INPUT DATA:
++++
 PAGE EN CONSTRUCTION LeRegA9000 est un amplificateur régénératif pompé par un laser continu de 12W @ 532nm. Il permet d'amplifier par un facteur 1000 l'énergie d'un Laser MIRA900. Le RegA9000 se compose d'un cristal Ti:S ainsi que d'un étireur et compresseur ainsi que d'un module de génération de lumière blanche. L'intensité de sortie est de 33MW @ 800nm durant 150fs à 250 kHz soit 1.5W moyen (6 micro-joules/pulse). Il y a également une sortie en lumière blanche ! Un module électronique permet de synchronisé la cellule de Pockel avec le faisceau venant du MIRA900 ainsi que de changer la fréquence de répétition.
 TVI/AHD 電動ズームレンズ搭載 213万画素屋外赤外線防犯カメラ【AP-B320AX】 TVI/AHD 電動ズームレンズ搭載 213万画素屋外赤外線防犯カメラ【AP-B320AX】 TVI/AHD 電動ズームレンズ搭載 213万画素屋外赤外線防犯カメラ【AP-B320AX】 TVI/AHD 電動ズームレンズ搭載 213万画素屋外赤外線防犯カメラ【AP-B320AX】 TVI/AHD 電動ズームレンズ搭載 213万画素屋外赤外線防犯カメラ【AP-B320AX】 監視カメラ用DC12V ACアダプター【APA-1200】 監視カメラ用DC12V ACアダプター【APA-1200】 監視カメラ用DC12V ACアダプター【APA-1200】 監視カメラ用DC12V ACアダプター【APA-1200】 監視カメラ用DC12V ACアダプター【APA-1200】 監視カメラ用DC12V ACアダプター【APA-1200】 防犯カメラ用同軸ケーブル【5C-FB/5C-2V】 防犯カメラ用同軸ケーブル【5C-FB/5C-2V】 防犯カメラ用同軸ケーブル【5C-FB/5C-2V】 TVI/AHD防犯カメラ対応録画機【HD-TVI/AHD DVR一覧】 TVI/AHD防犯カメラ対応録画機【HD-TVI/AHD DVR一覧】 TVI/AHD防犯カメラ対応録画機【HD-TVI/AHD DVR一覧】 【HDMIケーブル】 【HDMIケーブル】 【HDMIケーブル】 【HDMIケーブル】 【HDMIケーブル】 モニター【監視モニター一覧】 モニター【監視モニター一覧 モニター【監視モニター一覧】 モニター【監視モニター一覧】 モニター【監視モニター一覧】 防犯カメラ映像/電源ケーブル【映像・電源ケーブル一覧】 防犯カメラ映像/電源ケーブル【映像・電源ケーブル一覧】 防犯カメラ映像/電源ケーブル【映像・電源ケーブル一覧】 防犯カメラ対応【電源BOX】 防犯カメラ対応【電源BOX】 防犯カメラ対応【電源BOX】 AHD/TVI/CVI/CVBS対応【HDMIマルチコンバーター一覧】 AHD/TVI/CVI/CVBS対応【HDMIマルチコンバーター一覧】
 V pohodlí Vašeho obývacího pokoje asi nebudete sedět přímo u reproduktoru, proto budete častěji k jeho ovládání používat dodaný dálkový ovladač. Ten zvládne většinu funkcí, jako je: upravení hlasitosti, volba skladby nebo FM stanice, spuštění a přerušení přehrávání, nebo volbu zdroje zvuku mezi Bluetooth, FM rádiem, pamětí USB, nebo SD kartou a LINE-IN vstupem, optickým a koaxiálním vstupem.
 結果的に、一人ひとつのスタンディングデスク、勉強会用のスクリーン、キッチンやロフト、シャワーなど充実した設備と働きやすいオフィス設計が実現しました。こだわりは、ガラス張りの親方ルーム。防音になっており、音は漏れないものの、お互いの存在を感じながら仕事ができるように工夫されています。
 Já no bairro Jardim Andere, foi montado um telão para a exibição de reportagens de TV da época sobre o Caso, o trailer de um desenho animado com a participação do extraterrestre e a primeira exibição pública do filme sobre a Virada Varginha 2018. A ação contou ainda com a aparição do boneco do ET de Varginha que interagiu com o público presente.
++++
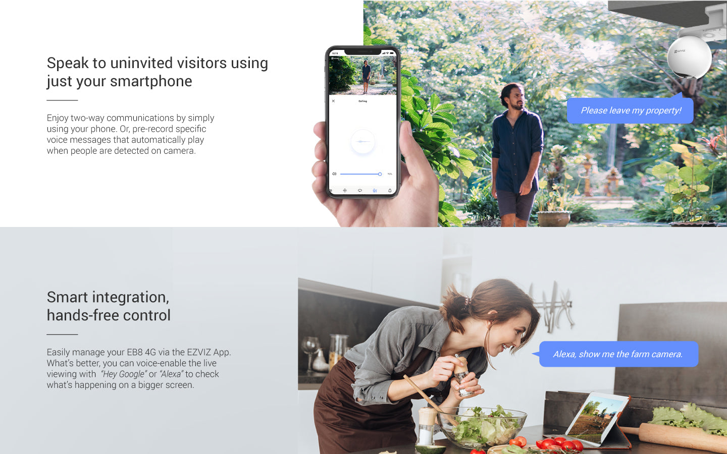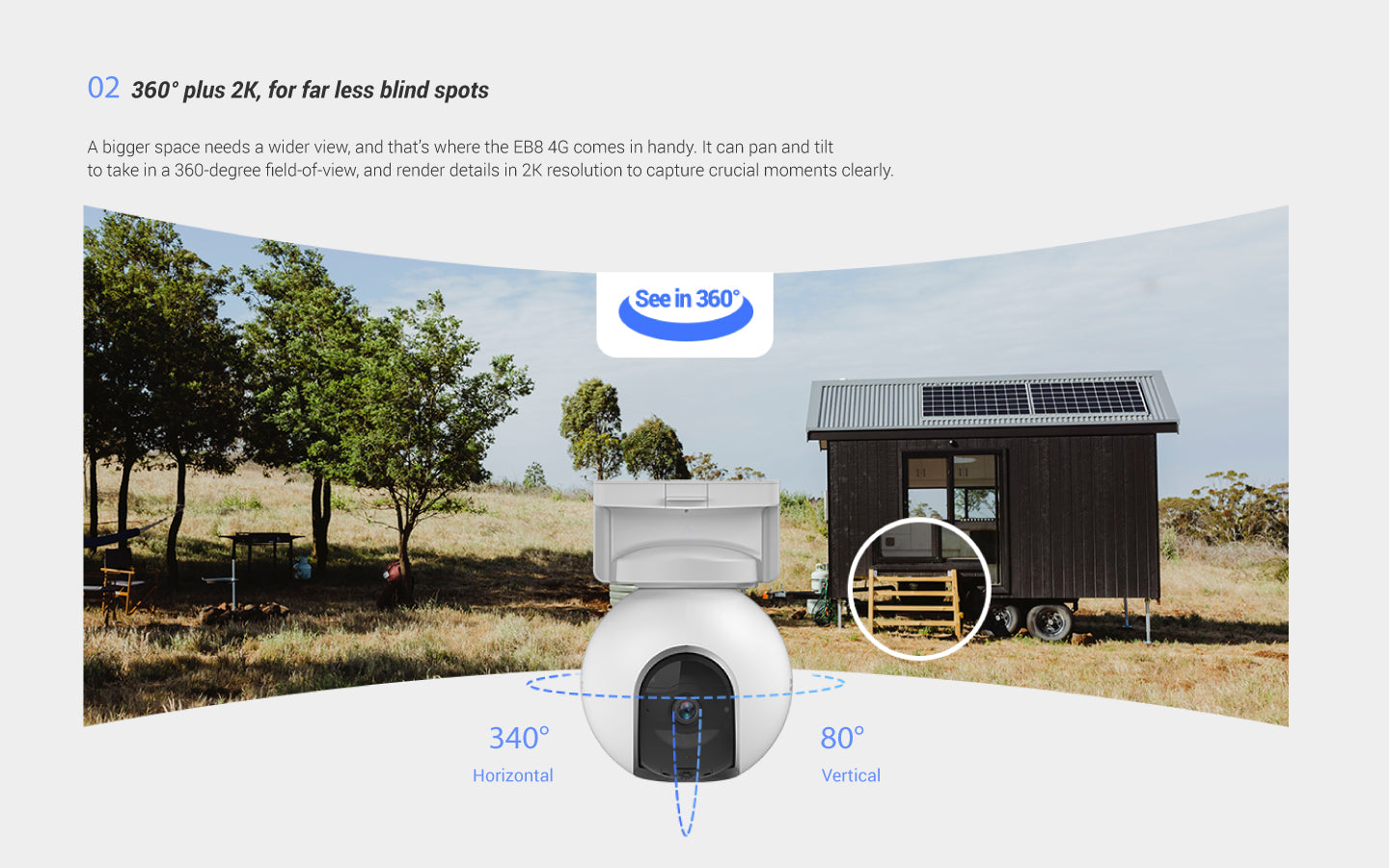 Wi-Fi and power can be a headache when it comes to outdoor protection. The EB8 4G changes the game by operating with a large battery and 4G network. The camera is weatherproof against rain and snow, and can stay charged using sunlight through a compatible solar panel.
++++
WHAT THIS TASK INVOLVES:
Taking the entries above, write out exactly the lines starting with the line containing "PAGE EN CONSTRUCTION" and going on through the line containing "電動ズームレンズ搭載 213万画素屋外赤外線防犯カメラ【AP-B320AX】 監視カメラ用DC12V", both included, and nothing else.

RESPONSE TO THIS TASK:
 PAGE EN CONSTRUCTION LeRegA9000 est un amplificateur régénératif pompé par un laser continu de 12W @ 532nm. Il permet d'amplifier par un facteur 1000 l'énergie d'un Laser MIRA900. Le RegA9000 se compose d'un cristal Ti:S ainsi que d'un étireur et compresseur ainsi que d'un module de génération de lumière blanche. L'intensité de sortie est de 33MW @ 800nm durant 150fs à 250 kHz soit 1.5W moyen (6 micro-joules/pulse). Il y a également une sortie en lumière blanche ! Un module électronique permet de synchronisé la cellule de Pockel avec le faisceau venant du MIRA900 ainsi que de changer la fréquence de répétition.
 TVI/AHD 電動ズームレンズ搭載 213万画素屋外赤外線防犯カメラ【AP-B320AX】 TVI/AHD 電動ズームレンズ搭載 213万画素屋外赤外線防犯カメラ【AP-B320AX】 TVI/AHD 電動ズームレンズ搭載 213万画素屋外赤外線防犯カメラ【AP-B320AX】 TVI/AHD 電動ズームレンズ搭載 213万画素屋外赤外線防犯カメラ【AP-B320AX】 TVI/AHD 電動ズームレンズ搭載 213万画素屋外赤外線防犯カメラ【AP-B320AX】 監視カメラ用DC12V ACアダプター【APA-1200】 監視カメラ用DC12V ACアダプター【APA-1200】 監視カメラ用DC12V ACアダプター【APA-1200】 監視カメラ用DC12V ACアダプター【APA-1200】 監視カメラ用DC12V ACアダプター【APA-1200】 監視カメラ用DC12V ACアダプター【APA-1200】 防犯カメラ用同軸ケーブル【5C-FB/5C-2V】 防犯カメラ用同軸ケーブル【5C-FB/5C-2V】 防犯カメラ用同軸ケーブル【5C-FB/5C-2V】 TVI/AHD防犯カメラ対応録画機【HD-TVI/AHD DVR一覧】 TVI/AHD防犯カメラ対応録画機【HD-TVI/AHD DVR一覧】 TVI/AHD防犯カメラ対応録画機【HD-TVI/AHD DVR一覧】 【HDMIケーブル】 【HDMIケーブル】 【HDMIケーブル】 【HDMIケーブル】 【HDMIケーブル】 モニター【監視モニター一覧】 モニター【監視モニター一覧 モニター【監視モニター一覧】 モニター【監視モニター一覧】 モニター【監視モニター一覧】 防犯カメラ映像/電源ケーブル【映像・電源ケーブル一覧】 防犯カメラ映像/電源ケーブル【映像・電源ケーブル一覧】 防犯カメラ映像/電源ケーブル【映像・電源ケーブル一覧】 防犯カメラ対応【電源BOX】 防犯カメラ対応【電源BOX】 防犯カメラ対応【電源BOX】 AHD/TVI/CVI/CVBS対応【HDMIマルチコンバーター一覧】 AHD/TVI/CVI/CVBS対応【HDMIマルチコンバーター一覧】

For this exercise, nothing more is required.